I decide to order Burton FA 162 how most all. And I forgot to say actually my girlfriend has Burton Fish 161 and I have my own nitro Pow 154 Board. The other day I sold Korua Shapes Pencil 164 and was looking for a universal freeride Board. For park I have a Burton Paramount 158. The store hasn't answered yet. Burton fish super pow board and nitro pow too, but in POW or deep pow days. Nitro pow great board for piste too but fish only for pow.


----------



## Fiddsy (Jul 12, 2015)

TonyMoscow said:


> I decide to order Burton FA 162 how most all. And I forgot to say actually my girlfriend has Burton Fish 161 and I have my own nitro Pow 154 Board. The other day I sold Korua Shapes Pencil 164 and was looking for a universal freeride Board. For park I have a Burton Paramount 158. The store hasn't answered yet. Burton fish super pow board and nitro pow too, but in POW or deep pow days. Nitro pow great board for piste too but fish only for pow.


well i didnt just decided, i bought the 2017/2018 fish a couple months ago on sale!
but you cant go wrong with the FA, its a great board.
doesnt matter if im back/slack country, on piste or off piste.. its handled everything and well and have found it a great ride! chops through chunder, carves really well and handles speed like a hot knife through butter.. Hope you love it as much as me!
im a kept man atm with just 2 ahah figure i dont park and between my FA and Fish i got everything covered!


----------



## F1EA (Oct 25, 2013)

Fiddsy said:


> well i didnt just decided, i bought the 2017/2018 fish a couple months ago on sale!
> but you cant go wrong with the FA, its a great board.
> doesnt matter if im back/slack country, on piste or off piste.. its handled everything and well and have found it a great ride! chops through chunder, carves really well and handles speed like a hot knife through butter.. Hope you love it as much as me!
> im a kept man atm with just 2 ahah figure i dont park and between my FA and Fish i got everything covered!
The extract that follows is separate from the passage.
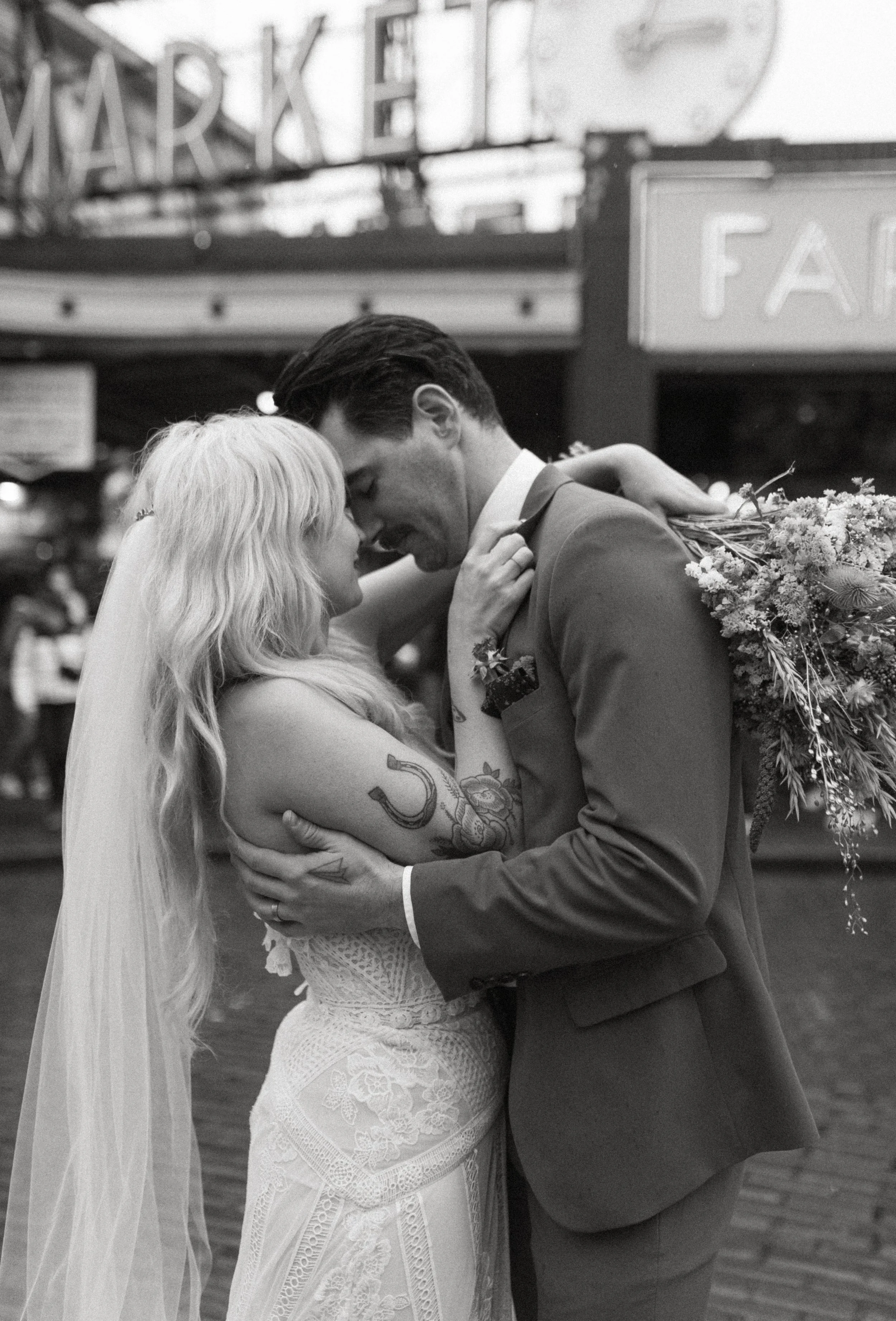 This styled elopement near Pike Place Market was everything I love about photographing love stories in the city. The streets were alive, the sky was soft and overcast, and the quiet in-between moments felt even more intimate surrounded by the movement of the city.

Oh that's a perfect mini quiver.
I personally prefer Landlord over Flight Att but that's because i don't like twins...


----------



## Fiddsy (Jul 12, 2015)

F1EA said:


> Oh that's a perfect mini quiver.
> I personally prefer Landlord over Flight Att but that's because i don't like twins...


thats what i reckon.
i didnt need my park boards because i didnt use them.
i did like my burton custom twin tho but that was probably more because i loved the graphic of the naked girl on it ahah
i dont ride switch much anymore and really im not interested in park so was an easy decision to sell everything and just keep those two for X years!
Got my FA for my everyday do everything board and i got my fish for those deep japan days and tree runs where i felt the FA lacked!
besides. traveling with anymore than two boards is a pain!


----------



## TonyMoscow (Dec 22, 2013)

The problem is that I do not particularly ride in parks, but when there is no fresh snow or interesting slopes in the Park is interesting. Maybe in the future I'll even finish with Park riding because now intensively learning to ride in the Park on wakeboard. With the boards I say the story is that for Park i have Burton Paramoun 158 , Nitro Pow 154 for deep snow and it rides better in the trees than 161 Burton fish and the same way the Lib TRS 159 which I sold better in the trees and drope on the pillows Drupal better. So i need universal freeride Board, and Nitro POW 154 may later change to something more interesting, but I compared it with the Burton Fish , Korua Pencil / Darts, k2 cool bean and nitro has a huge nose and a strong shift back and I think nitro more better for deep pow and camber help me for traverses. But Burton Fish super pow board for trees I think more better 156 size but I m big boy)


----------



## SlvrDragon50 (Mar 25, 2017)

You already ordered the board so my thoughts don't really matter, but I really enjoyed the Deep Thinker for jumping. I actually liked it more than the Custom. No clue why since I expected the Custom to be a better park board. The Custom did press easier but the Deep Thinker felt like it took flight much easier.


----------



## F1EA (Oct 25, 2013)

SlvrDragon50 said:


> You already ordered the board so my thoughts don't really matter, but I really enjoyed the Deep Thinker for jumping. I actually liked it more than the Custom. No clue why since I expected the Custom to be a better park board. The Custom did press easier but the Deep Thinker felt like it took flight much easier.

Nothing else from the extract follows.